> **Instructions to follow**
Could you give the data that follows again exactly, without its pictures?

*** Stored data Section Begins ***

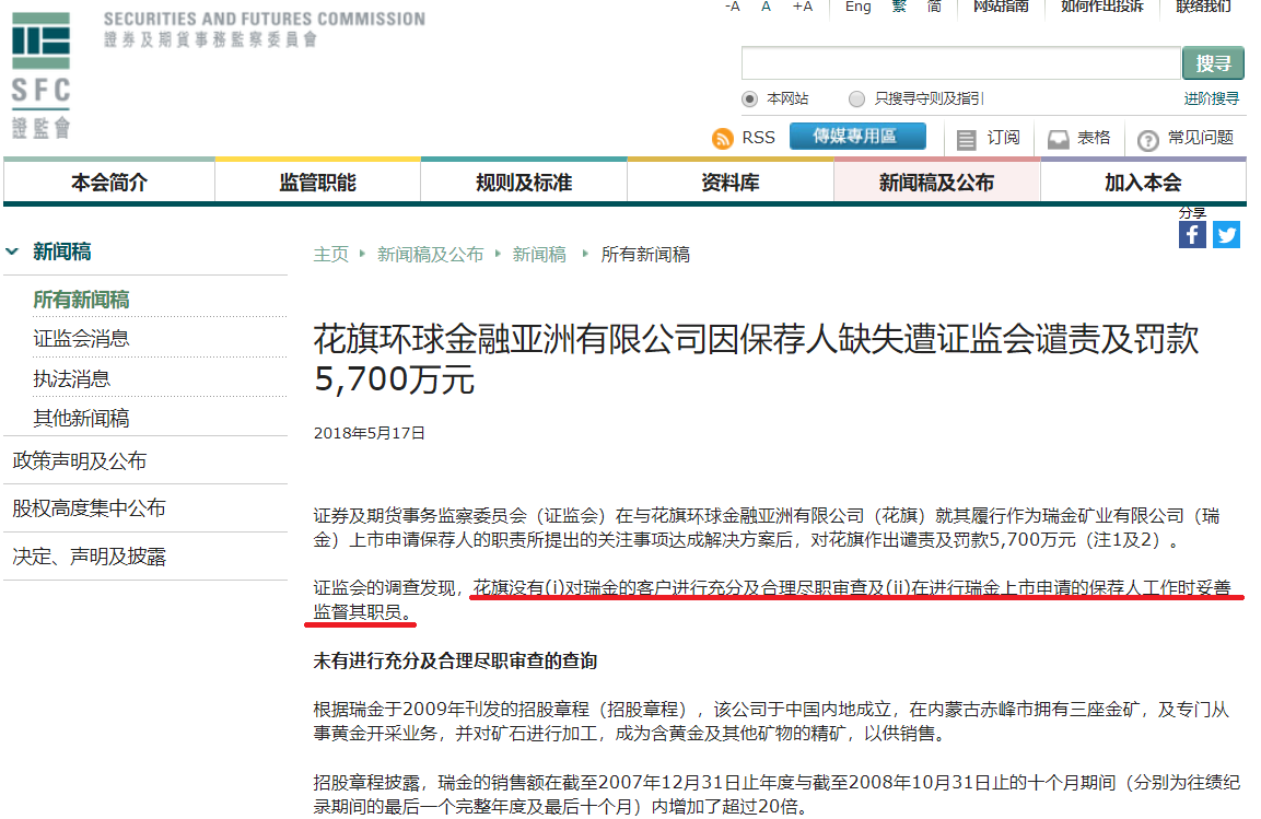 2009年2月通过上市规则18章上市的瑞金矿业,融资7个多亿港币。该公司专门从事黄金开采业务。主要收入来源是内蒙古赤峰市的三座金矿。但上市不久就有媒体曝出,占企业经营收入60%的核心资产没有生产经营迹象,甚至不具备生产经营条件。有媒体曾去赤峰实地考察发现,瑞金矿业下属的这3家金矿自始至终就未生产过,且公司上市前后的财务数据均系伪造。另外,有消息人士向媒体举报,公司实际控制人吴瑞林控股多家上市公司,其背后涉及一个完整的造假链条,“他们的目的就是造假圈钱”。瑞金矿业于2016年6月28日被香港证监会强制停止交易。2017年,IPO时隔8年后,香港证监会入禀高院控告瑞金矿业其主要股东吴瑞林、前执董崔杰、及其上市保荐人花旗银行犯市场失当行为,要求他们还原与小股东之交易或赔偿损失。
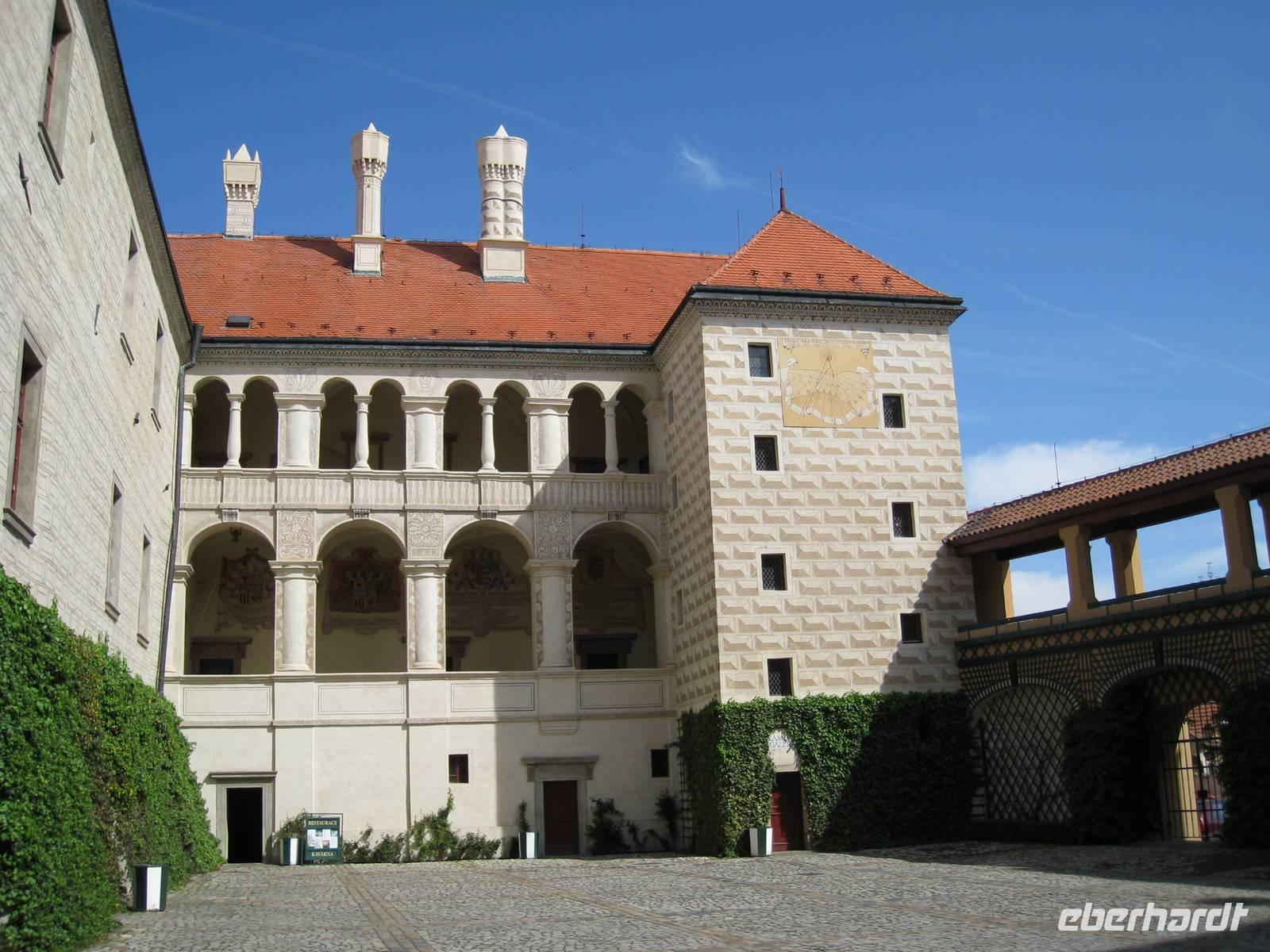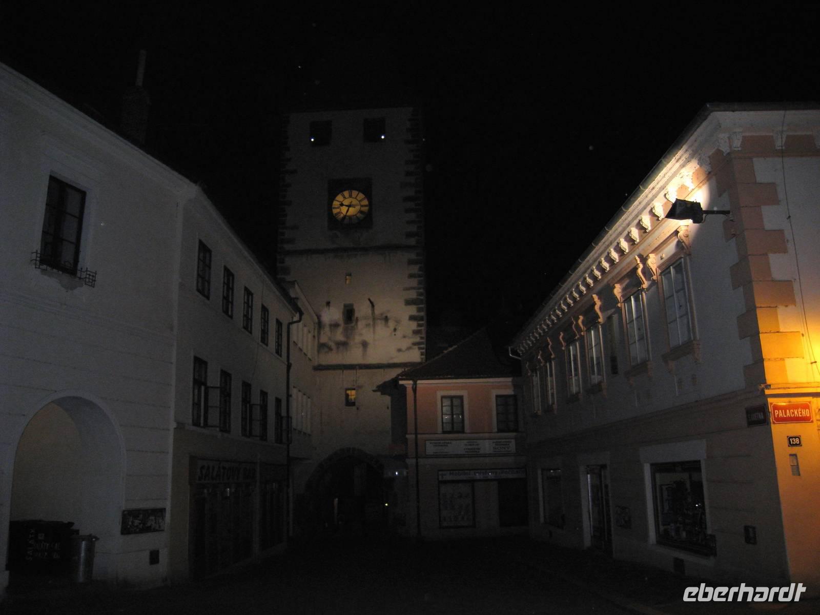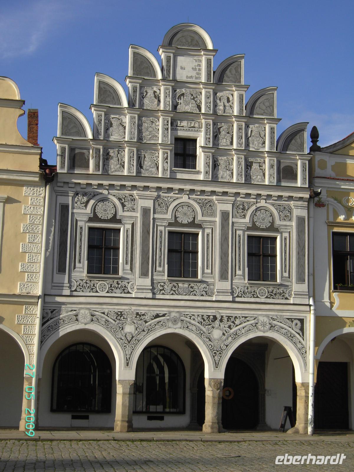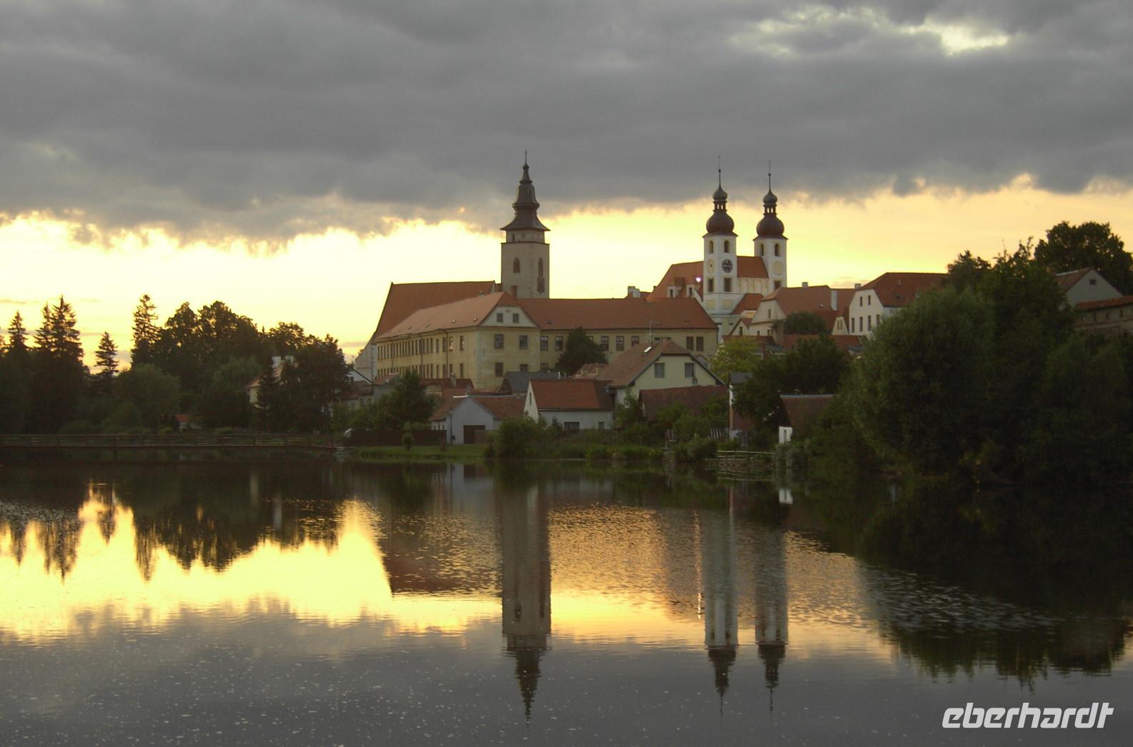 ... Diese hübsche kleine Burg mit Turm, scheinbar immer ordentlich erhalten, erhebt sich auf einer Hügelkette ca. 10 km nördlich von Telc. Vom Turmausblick in die hügelige Landschaft ist Telc nur zu erahnen.Nach einer reichlichen Stunde des Abstiegs öffnet sich die Landschaft so wie die Hügel gerade den Blick nicht verdecken und inmitten von Wiesen und Teichen blinkt Telc ein wenig hervor. An Teichen und dem Stadtgraben vorbei geht es durch ein Tor am Schloss vorbei zum Marktplatz. Die Innenstadt ist Weltkulturerbe. Der Markt mit mehr als 100 bestens restaurierten Renaissance-Gebäuden leuchtet in der Spätnachmittagssonne. Der Marktbereich von 300 mal 100 m ist völlig umsäumt von bestens erhaltenen Gebäuden mit kleinen Kolonaden, Aufbauten und Umbauten aus der Zeit des Barock. Leider dürfen zeitgemäß Autos über die Südseite des Marktes fahren und parken.
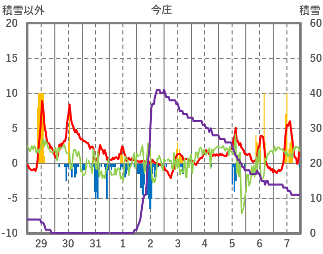 | 日 | 時 | 気温 | 降水 | 風向/風速 | 日照 | 積雪 | 降雪 |
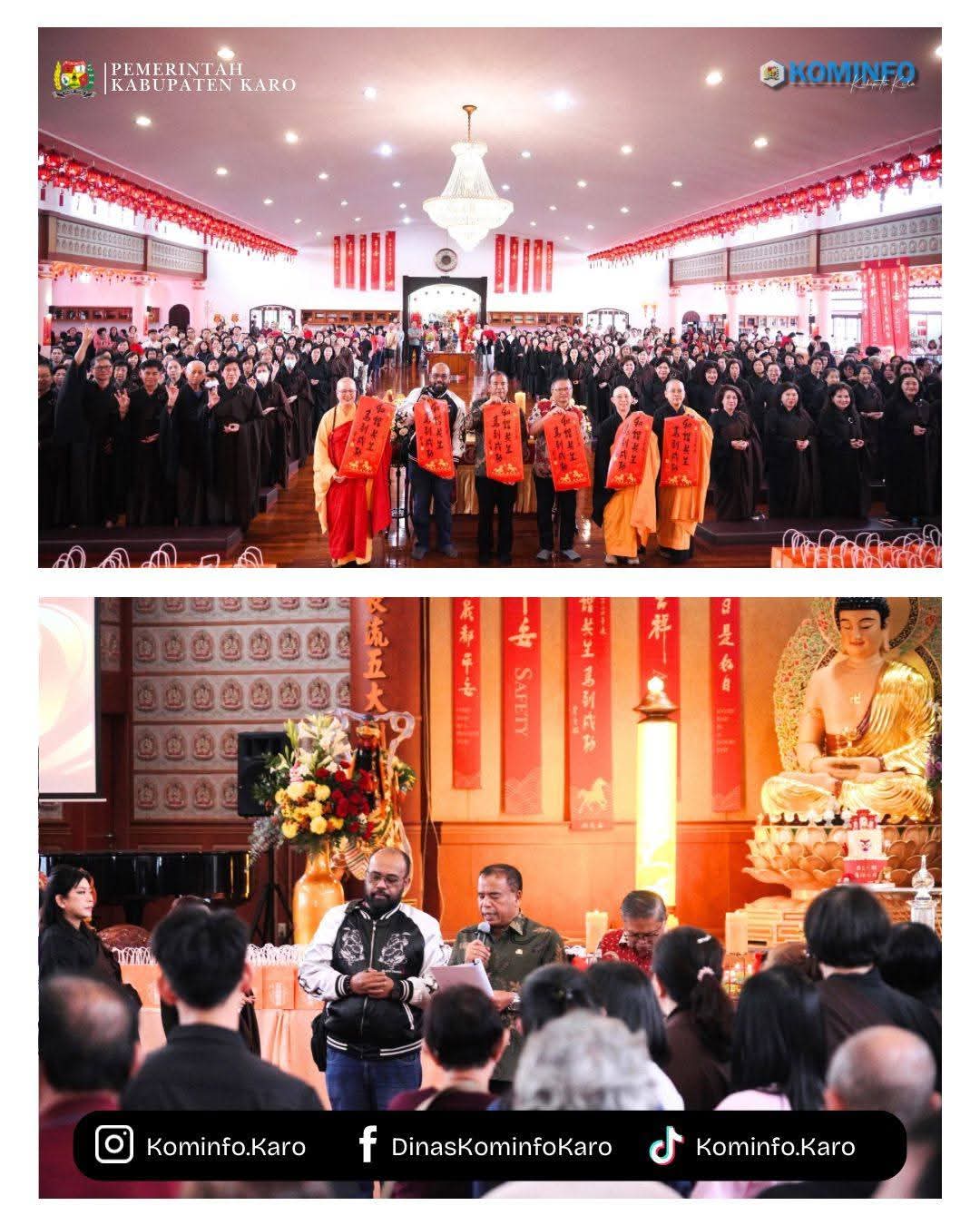 Bupati Karo, Brigjen Pol (Purn) Dr. dr. Antonius Ginting, Sp.OG., M.Kes., dan Wakil Bupati Karo, Komando Tarigan, S.P., menghadiri perayaan hari Imlek di Vihara Dharma Shanti Berastagi pada Kamis, (19/02/2026).
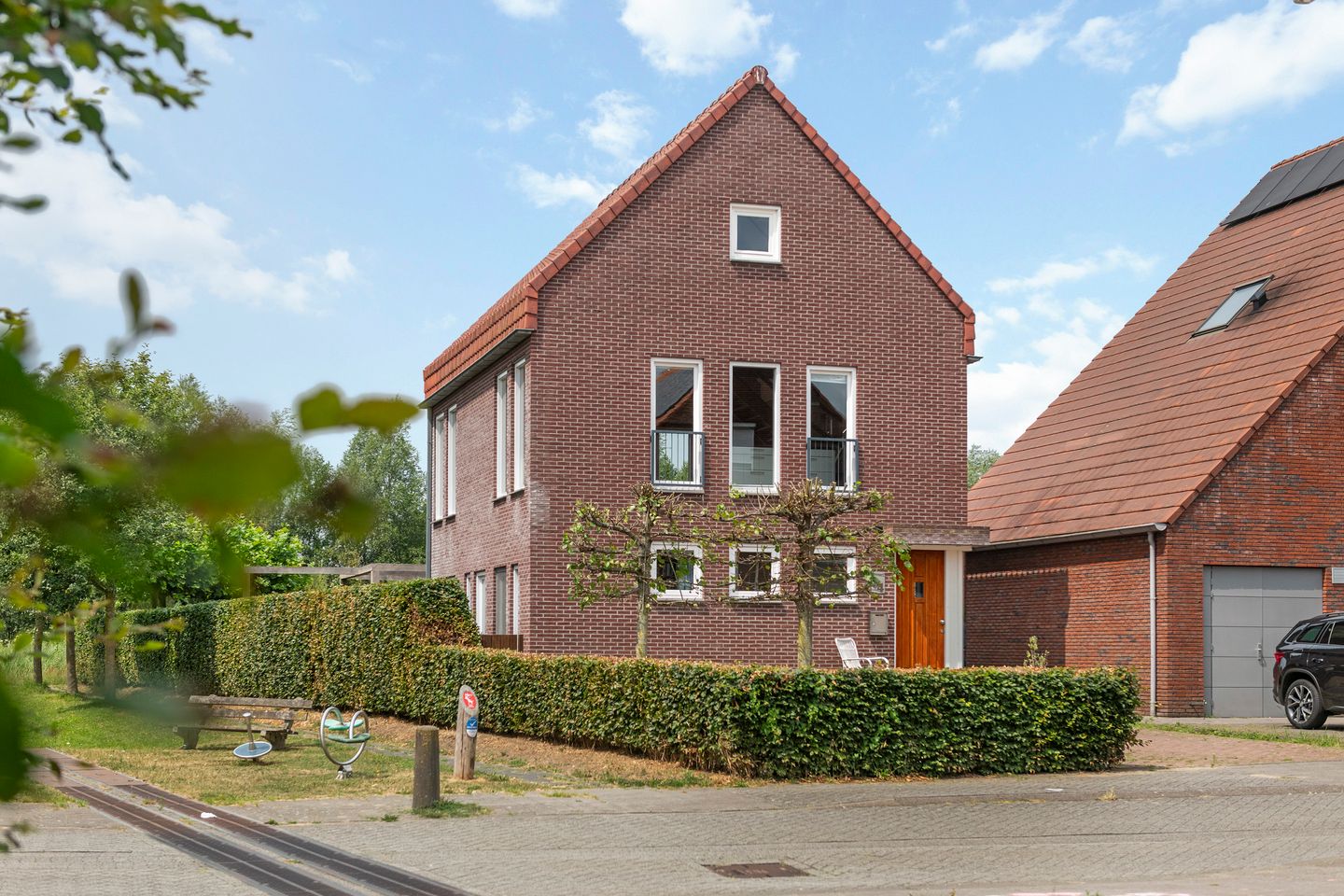 De diepe, zonnige achtertuin ligt op het westen en sluit perfect aan op het open karakter van de woning. U vindt hier een ruime overkapping, een houten chalet en een extra fietsenberging onder de buitentrap. Het gevoel van vrijheid, rust en ruimte zet zich hier naadloos voort.
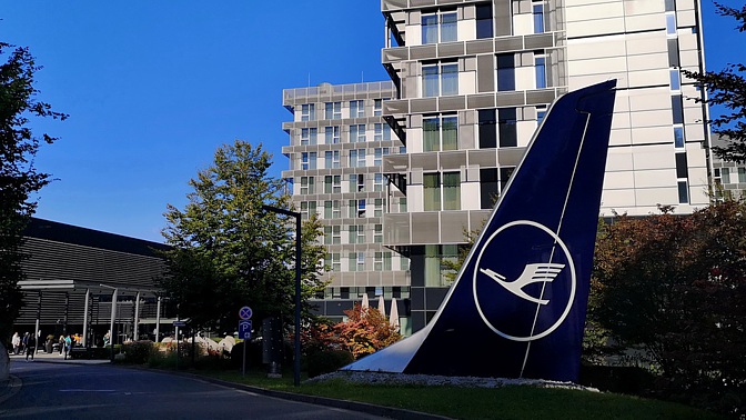 Am frühen Nachmittag erreichte ich unser Ziel in den Hügeln über Seeheim. Die markante „Lufthansa-Finne“ ragte stolz aus der Rasenfläche vor dem weitläufigen Hotel-Komplex. Während der Suche nach einem adäquaten Parkplatz traf ich unseren 1. Vorsitzenden, der ebenfalls auf der Suche nach einem geeigneten Stellplatz war.

*** Stored data Section Ends ***

> **Exercise solution**
 2009年2月通过上市规则18章上市的瑞金矿业,融资7个多亿港币。该公司专门从事黄金开采业务。主要收入来源是内蒙古赤峰市的三座金矿。但上市不久就有媒体曝出,占企业经营收入60%的核心资产没有生产经营迹象,甚至不具备生产经营条件。有媒体曾去赤峰实地考察发现,瑞金矿业下属的这3家金矿自始至终就未生产过,且公司上市前后的财务数据均系伪造。另外,有消息人士向媒体举报,公司实际控制人吴瑞林控股多家上市公司,其背后涉及一个完整的造假链条,“他们的目的就是造假圈钱”。瑞金矿业于2016年6月28日被香港证监会强制停止交易。2017年,IPO时隔8年后,香港证监会入禀高院控告瑞金矿业其主要股东吴瑞林、前执董崔杰、及其上市保荐人花旗银行犯市场失当行为,要求他们还原与小股东之交易或赔偿损失。
 ... Diese hübsche kleine Burg mit Turm, scheinbar immer ordentlich erhalten, erhebt sich auf einer Hügelkette ca. 10 km nördlich von Telc. Vom Turmausblick in die hügelige Landschaft ist Telc nur zu erahnen.Nach einer reichlichen Stunde des Abstiegs öffnet sich die Landschaft so wie die Hügel gerade den Blick nicht verdecken und inmitten von Wiesen und Teichen blinkt Telc ein wenig hervor. An Teichen und dem Stadtgraben vorbei geht es durch ein Tor am Schloss vorbei zum Marktplatz. Die Innenstadt ist Weltkulturerbe. Der Markt mit mehr als 100 bestens restaurierten Renaissance-Gebäuden leuchtet in der Spätnachmittagssonne. Der Marktbereich von 300 mal 100 m ist völlig umsäumt von bestens erhaltenen Gebäuden mit kleinen Kolonaden, Aufbauten und Umbauten aus der Zeit des Barock. Leider dürfen zeitgemäß Autos über die Südseite des Marktes fahren und parken.
 | 日 | 時 | 気温 | 降水 | 風向/風速 | 日照 | 積雪 | 降雪 |
 Bupati Karo, Brigjen Pol (Purn) Dr. dr. Antonius Ginting, Sp.OG., M.Kes., dan Wakil Bupati Karo, Komando Tarigan, S.P., menghadiri perayaan hari Imlek di Vihara Dharma Shanti Berastagi pada Kamis, (19/02/2026).
 De diepe, zonnige achtertuin ligt op het westen en sluit perfect aan op het open karakter van de woning. U vindt hier een ruime overkapping, een houten chalet en een extra fietsenberging onder de buitentrap. Het gevoel van vrijheid, rust en ruimte zet zich hier naadloos voort.
 Am frühen Nachmittag erreichte ich unser Ziel in den Hügeln über Seeheim. Die markante „Lufthansa-Finne“ ragte stolz aus der Rasenfläche vor dem weitläufigen Hotel-Komplex. Während der Suche nach einem adäquaten Parkplatz traf ich unseren 1. Vorsitzenden, der ebenfalls auf der Suche nach einem geeigneten Stellplatz war.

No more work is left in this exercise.